Recrutés. C’était le terme employé par la Fédération. Les chantiers spatiaux ne produisaient plus aucun navire sans Arbre même s’il n’était pas destiné à voyager en hyperespace. Les Arbres étaient devenus partie intégrante de l’architecture d’un vaisseau, tout comme l’était l’Intelligence Biologique. Un navire sans Arbre était condamné à être démantelé si ce n’était purement et simplement détruit, car inutilisable en l’état.
Piotr se cala dans son siège et ferma les yeux.
Il se relaxa, apaisa son esprit pour entrer en relation avec son Arbre. Il avait entendu dire que des Gwez-kunduers, après quelques années, développaient des capacités cognitives leur permettant de ressentir les tensions qui se jouaient au cœur des fibres de l’Arbre. Certains Gwez-kunduers allaient jusqu’à déclarer qu’ils comprenaient ce que percevaient les Pommiers. D’autres, plus posés et peut-être plus sceptiques, rétorquaient qu’ils devaient surtout percevoir un brouhaha d’ondes alpha. Ces ondes émises par les fruits, les Lares, lors de l’accolement. Le cerveau humain étant prompt à créer de l’ordre et du signifiant là où il n’y en avait pas toujours. Ces Gwez-kunduers se construisaient de beaux mirages, indubitablement très réels pour eux, mais de toute évidence illusoires.
Piotr n’en était pas encore là.
Il n’entendait rien, rien de bien compréhensible.
Pourtant il avait ressenti une douleur pendant le saut et il l’associait logiquement avec la chute de la feuille. Pour lui, il n’y avait pas de doute, l’Arbre lui avait fait parvenir un signal.
Il secoua la tête. Il se serait bien gratté le crâne, mais il avait remis son casque hermétique.
Agacé, il exigea de l’IB, une surveillance en continu du fruit et de la tache. L’IB devait l’avertir de la moindre évolution.
Maintenant, informer le capitaine était devenu une obligation. S’il devait intervenir physiquement sur l’Arbre, le vaisseau ne pouvait plus sauter. Il n’avait aucune idée des conséquences précises, mais il imaginait aisément le pire. Son apprentissage n’avait pas abordé de près ou de loin la taille d’un Arbre en activité. L’amputation n’était pas une opération à prendre à la légère. Il avait besoin des lumières de l’expérience du capitaine. Il n’allait pas entamer un élagage de l’Arbre sans l’aval de la personne en charge du navire et de son équipage.
Le vaisseau ralentit.
Un message clignota. Le prochain saut en hyperespace était retardé. Le Goliath reprenait son allure de croisière.
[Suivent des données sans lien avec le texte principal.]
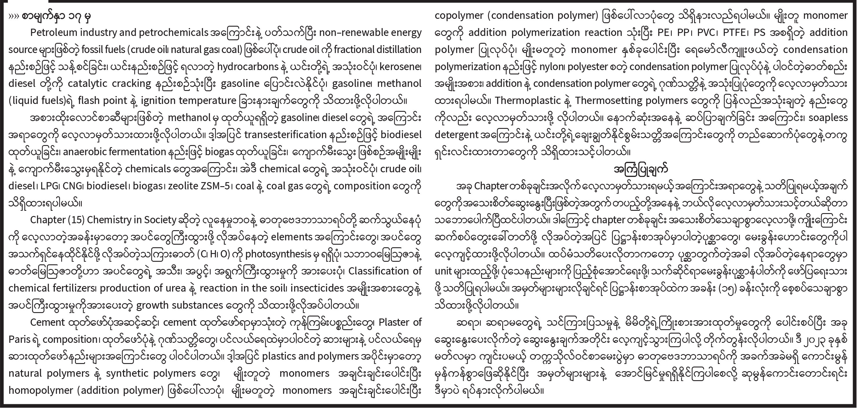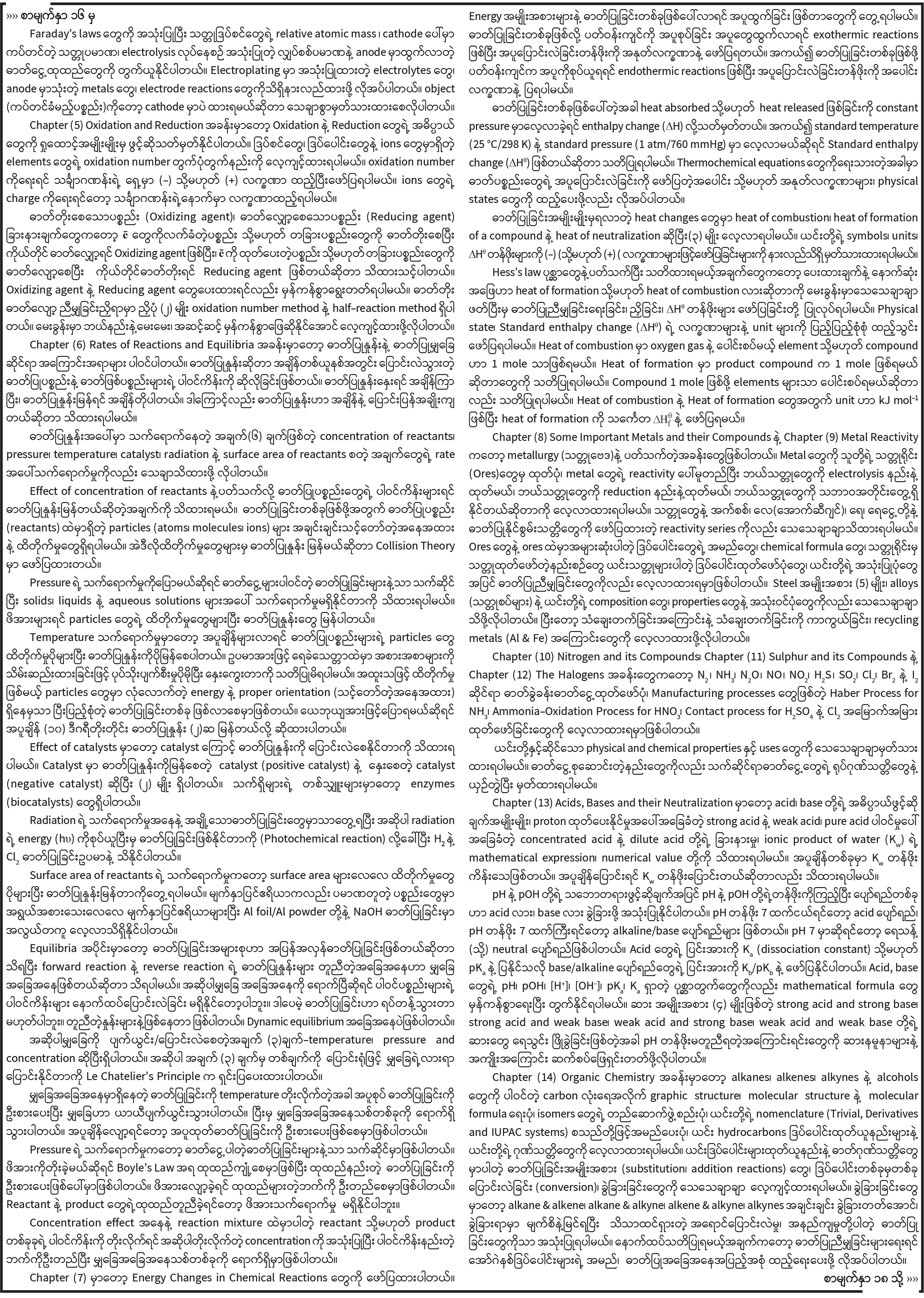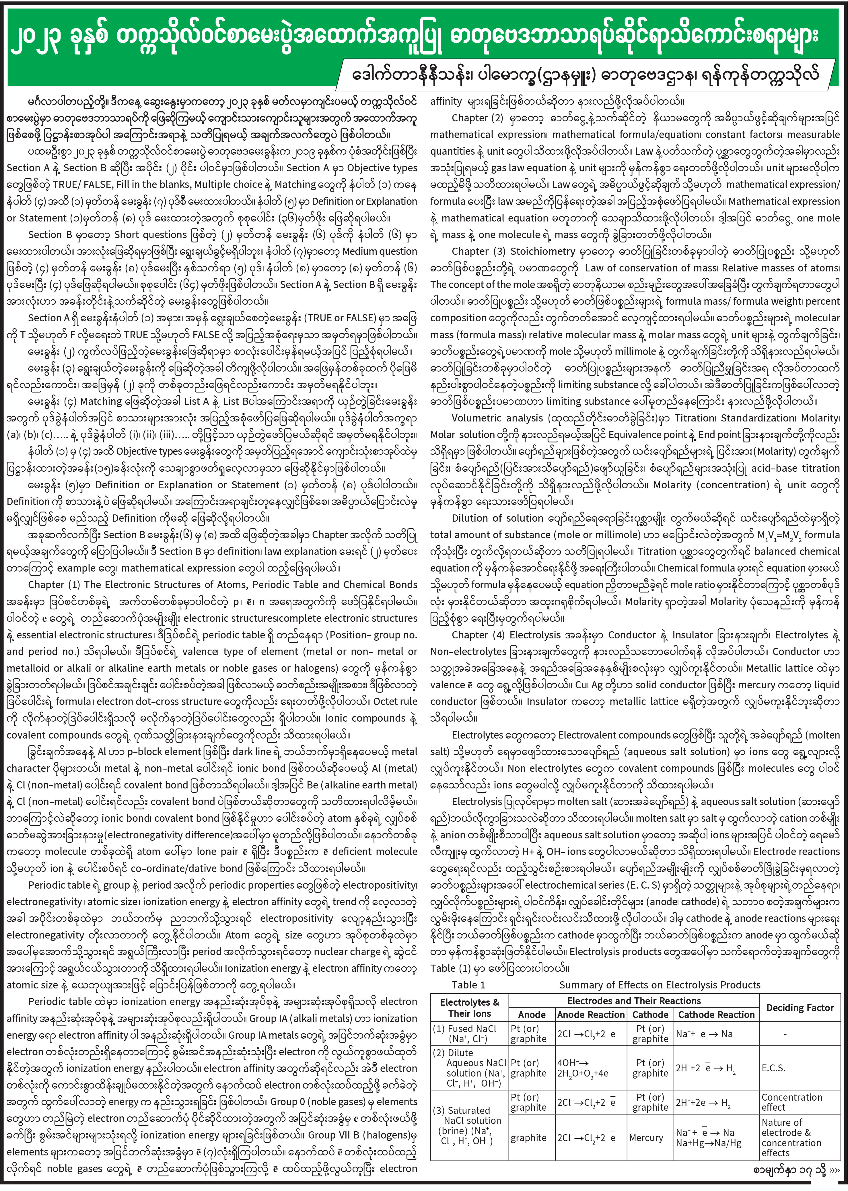 ၂၀၂၃ ခုနှစ် တက္ကသိုလ်ဝင်စာမေးပွဲအထောက်အကူပြု ဓာတုဗေဒဘာသာရပ်ဆိုင်ရာသိကောင်းစရာများ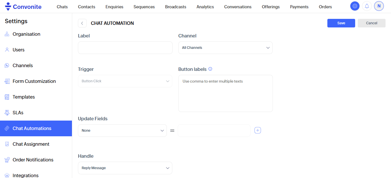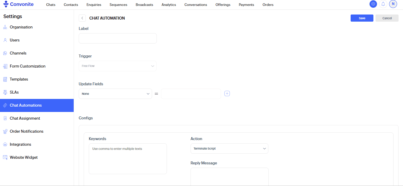 Chat Automation allows you to trigger automatic actions based on incoming WhatsApp messages. This helps reduce manual workload, ensures faster responses, and keeps conversations organized.

Les systèmes atmosphériques des zones de vie s’ébranlèrent pour distribuer de l’air dans les salles et coursives du vaisseau. L’électricité alimenta les lumières. Le champ quantique de pesanteur fut réactivé et très vite atteignit la valeur d’accélération d’un g dans les zones des espaces de vie et la passerelle. La salle de l’Arbre, elle, demeurait en apesanteur pour faciliter la circulation des fluides dans les branches et surtout parce que l’Arbre avait été élevé sans gravité et qu’il ne supporterait pas de retrouver une attraction qui le ferait ployer sous son propre poids.
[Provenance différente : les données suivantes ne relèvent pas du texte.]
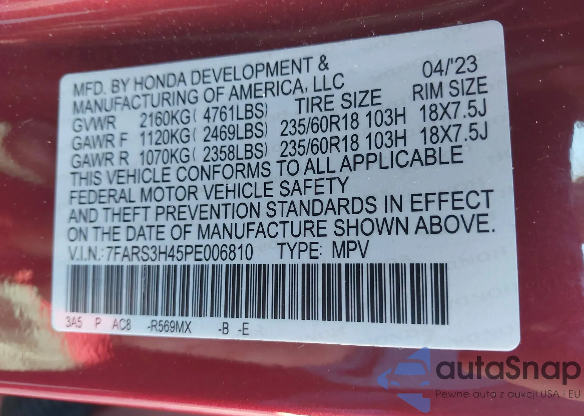 LOT: 43925436 VIN: 7FARS3H45PE006810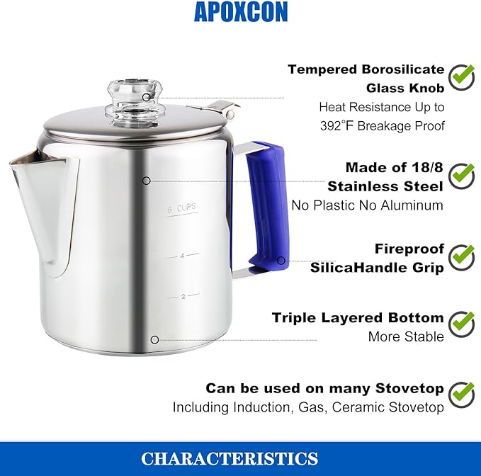 - 【OUTDOOR AND INDOOR USE】 This coffee percolator is designed for outdoor and indoor use. It’s suitable for induction cooker, ceramic electric stovetop and gas stovetop, as well as grills and campfires.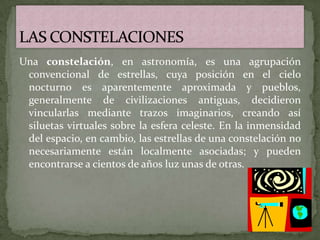 Las constelaciones son agrupaciones convencionales de estrellas cuya posición aparente en el cielo nocturno fue vinculada por civilizaciones antiguas, aunque las estrellas pueden estar a años luz de distancia entre sí. Andrómeda es una constelación boreal nombrada por la doncella de la mitología griega que comparte una estrella con Pegaso.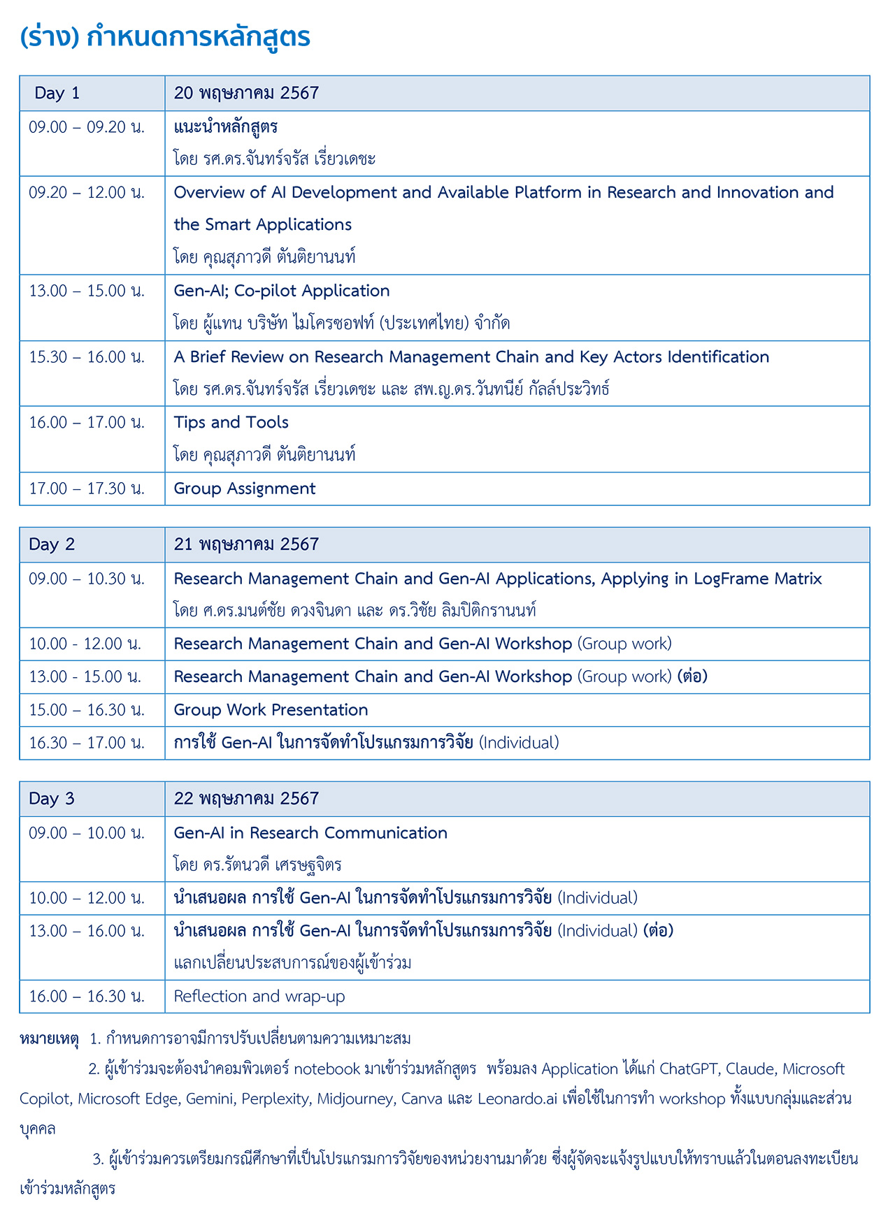 ทั้งนี้ ไม่รวม ค่าเดินทางและค่าที่พัก ของผู้เข้าร่วมการอบรม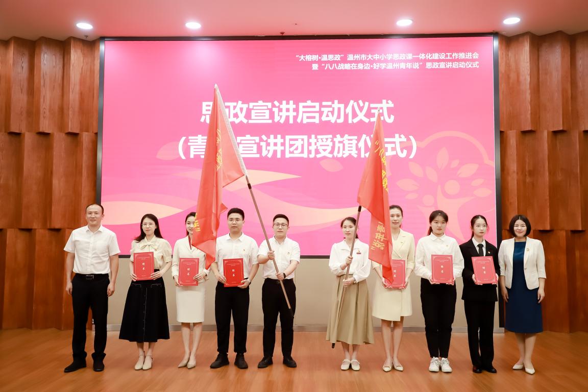 中共温州市委宣传部副部长曾伟、省教育厅宣传教育与统战处葛红敏老师为青年宣讲团授旗并颁发聘书。宣讲团成员国产传媒 周佳莼、温州第二高级中学王聪、平阳鳌江小学项伟带来了精彩的大中小学思政课教师微联讲。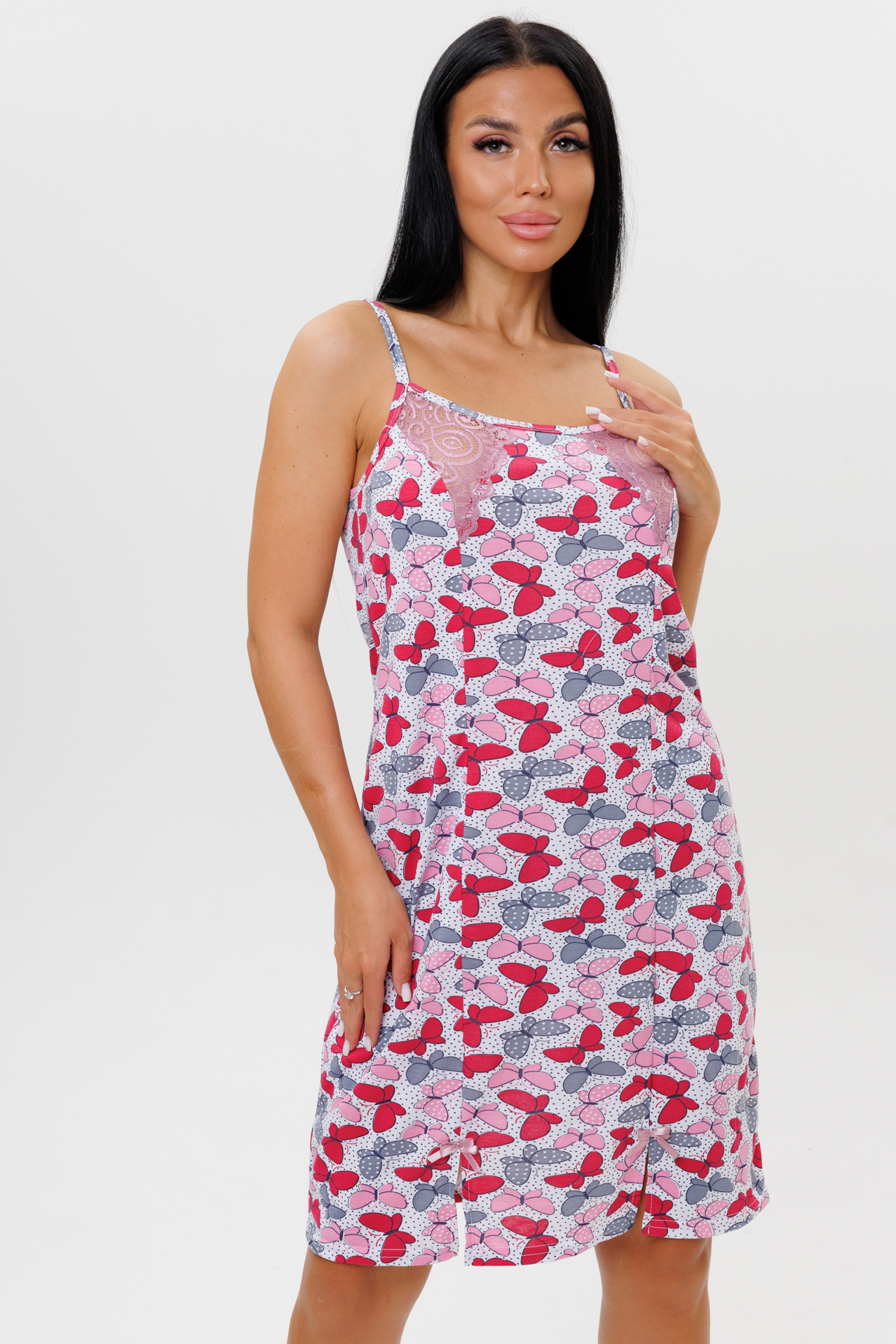 По низу изделия разрезы, дополненные атласными бантиками. Для более яркого подчеркивания фигуры в конструкции сорочки используются рельефы.

Puis, sous l’effet des vibrations induites, l’Arbre s’ébroua. Le bruissement de ses feuilles chanta aux oreilles de son gardien.
Le Gwez-kunduer, presque soulagé, entreprit de retirer sa combinaison.
L’opération se révélait compliquée quand vous étiez en apesanteur, à moins d’y être habitué, car vous y viviez continuellement.